■ **What to do**
Retyping all the entries exactly is the whole task.

■ **Supplied material**
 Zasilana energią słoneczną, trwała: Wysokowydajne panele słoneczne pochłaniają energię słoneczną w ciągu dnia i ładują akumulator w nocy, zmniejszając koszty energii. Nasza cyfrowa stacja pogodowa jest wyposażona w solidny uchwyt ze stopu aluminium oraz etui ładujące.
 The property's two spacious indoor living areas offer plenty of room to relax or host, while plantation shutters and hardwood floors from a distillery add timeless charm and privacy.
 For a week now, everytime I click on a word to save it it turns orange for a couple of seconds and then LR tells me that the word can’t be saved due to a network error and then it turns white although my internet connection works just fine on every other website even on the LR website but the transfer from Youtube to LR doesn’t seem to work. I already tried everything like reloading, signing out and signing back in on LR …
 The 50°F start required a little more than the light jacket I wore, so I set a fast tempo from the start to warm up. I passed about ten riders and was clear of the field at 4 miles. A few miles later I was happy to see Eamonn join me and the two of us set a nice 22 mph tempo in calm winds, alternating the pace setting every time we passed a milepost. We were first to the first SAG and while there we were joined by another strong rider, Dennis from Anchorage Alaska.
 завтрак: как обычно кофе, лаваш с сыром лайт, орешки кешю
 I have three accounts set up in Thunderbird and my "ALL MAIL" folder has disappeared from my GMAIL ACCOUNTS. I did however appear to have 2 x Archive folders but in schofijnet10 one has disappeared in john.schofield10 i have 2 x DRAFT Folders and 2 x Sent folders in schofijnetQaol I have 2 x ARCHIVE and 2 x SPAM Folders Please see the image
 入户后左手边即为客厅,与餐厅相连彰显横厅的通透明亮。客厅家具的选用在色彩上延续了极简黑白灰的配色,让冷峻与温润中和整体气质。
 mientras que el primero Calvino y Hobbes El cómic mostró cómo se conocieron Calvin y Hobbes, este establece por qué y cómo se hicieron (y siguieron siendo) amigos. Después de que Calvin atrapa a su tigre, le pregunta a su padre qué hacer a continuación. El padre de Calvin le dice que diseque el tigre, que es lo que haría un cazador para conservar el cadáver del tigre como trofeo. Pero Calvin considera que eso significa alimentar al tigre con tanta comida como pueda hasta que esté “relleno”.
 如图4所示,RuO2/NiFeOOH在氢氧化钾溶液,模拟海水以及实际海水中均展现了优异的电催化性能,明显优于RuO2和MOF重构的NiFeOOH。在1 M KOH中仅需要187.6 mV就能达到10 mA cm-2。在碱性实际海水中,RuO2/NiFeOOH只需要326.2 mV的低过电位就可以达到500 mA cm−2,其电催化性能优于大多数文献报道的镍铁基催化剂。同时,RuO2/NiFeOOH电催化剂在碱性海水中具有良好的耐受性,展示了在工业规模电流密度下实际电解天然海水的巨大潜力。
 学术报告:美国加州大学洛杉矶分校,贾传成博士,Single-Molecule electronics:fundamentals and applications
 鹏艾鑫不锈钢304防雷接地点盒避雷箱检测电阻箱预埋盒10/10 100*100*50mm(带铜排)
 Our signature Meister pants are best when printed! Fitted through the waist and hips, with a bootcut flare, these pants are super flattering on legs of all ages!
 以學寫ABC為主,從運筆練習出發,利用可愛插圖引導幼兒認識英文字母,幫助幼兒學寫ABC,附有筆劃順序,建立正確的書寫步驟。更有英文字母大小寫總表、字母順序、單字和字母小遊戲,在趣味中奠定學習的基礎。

■ **Problem solution**
 Zasilana energią słoneczną, trwała: Wysokowydajne panele słoneczne pochłaniają energię słoneczną w ciągu dnia i ładują akumulator w nocy, zmniejszając koszty energii. Nasza cyfrowa stacja pogodowa jest wyposażona w solidny uchwyt ze stopu aluminium oraz etui ładujące.
 The property's two spacious indoor living areas offer plenty of room to relax or host, while plantation shutters and hardwood floors from a distillery add timeless charm and privacy.
 For a week now, everytime I click on a word to save it it turns orange for a couple of seconds and then LR tells me that the word can’t be saved due to a network error and then it turns white although my internet connection works just fine on every other website even on the LR website but the transfer from Youtube to LR doesn’t seem to work. I already tried everything like reloading, signing out and signing back in on LR …
 The 50°F start required a little more than the light jacket I wore, so I set a fast tempo from the start to warm up. I passed about ten riders and was clear of the field at 4 miles. A few miles later I was happy to see Eamonn join me and the two of us set a nice 22 mph tempo in calm winds, alternating the pace setting every time we passed a milepost. We were first to the first SAG and while there we were joined by another strong rider, Dennis from Anchorage Alaska.
 завтрак: как обычно кофе, лаваш с сыром лайт, орешки кешю
 I have three accounts set up in Thunderbird and my "ALL MAIL" folder has disappeared from my GMAIL ACCOUNTS. I did however appear to have 2 x Archive folders but in schofijnet10 one has disappeared in john.schofield10 i have 2 x DRAFT Folders and 2 x Sent folders in schofijnetQaol I have 2 x ARCHIVE and 2 x SPAM Folders Please see the image
 入户后左手边即为客厅,与餐厅相连彰显横厅的通透明亮。客厅家具的选用在色彩上延续了极简黑白灰的配色,让冷峻与温润中和整体气质。
 mientras que el primero Calvino y Hobbes El cómic mostró cómo se conocieron Calvin y Hobbes, este establece por qué y cómo se hicieron (y siguieron siendo) amigos. Después de que Calvin atrapa a su tigre, le pregunta a su padre qué hacer a continuación. El padre de Calvin le dice que diseque el tigre, que es lo que haría un cazador para conservar el cadáver del tigre como trofeo. Pero Calvin considera que eso significa alimentar al tigre con tanta comida como pueda hasta que esté “relleno”.
 如图4所示,RuO2/NiFeOOH在氢氧化钾溶液,模拟海水以及实际海水中均展现了优异的电催化性能,明显优于RuO2和MOF重构的NiFeOOH。在1 M KOH中仅需要187.6 mV就能达到10 mA cm-2。在碱性实际海水中,RuO2/NiFeOOH只需要326.2 mV的低过电位就可以达到500 mA cm−2,其电催化性能优于大多数文献报道的镍铁基催化剂。同时,RuO2/NiFeOOH电催化剂在碱性海水中具有良好的耐受性,展示了在工业规模电流密度下实际电解天然海水的巨大潜力。
 学术报告:美国加州大学洛杉矶分校,贾传成博士,Single-Molecule electronics:fundamentals and applications
 鹏艾鑫不锈钢304防雷接地点盒避雷箱检测电阻箱预埋盒10/10 100*100*50mm(带铜排)
 Our signature Meister pants are best when printed! Fitted through the waist and hips, with a bootcut flare, these pants are super flattering on legs of all ages!
 以學寫ABC為主,從運筆練習出發,利用可愛插圖引導幼兒認識英文字母,幫助幼兒學寫ABC,附有筆劃順序,建立正確的書寫步驟。更有英文字母大小寫總表、字母順序、單字和字母小遊戲,在趣味中奠定學習的基礎。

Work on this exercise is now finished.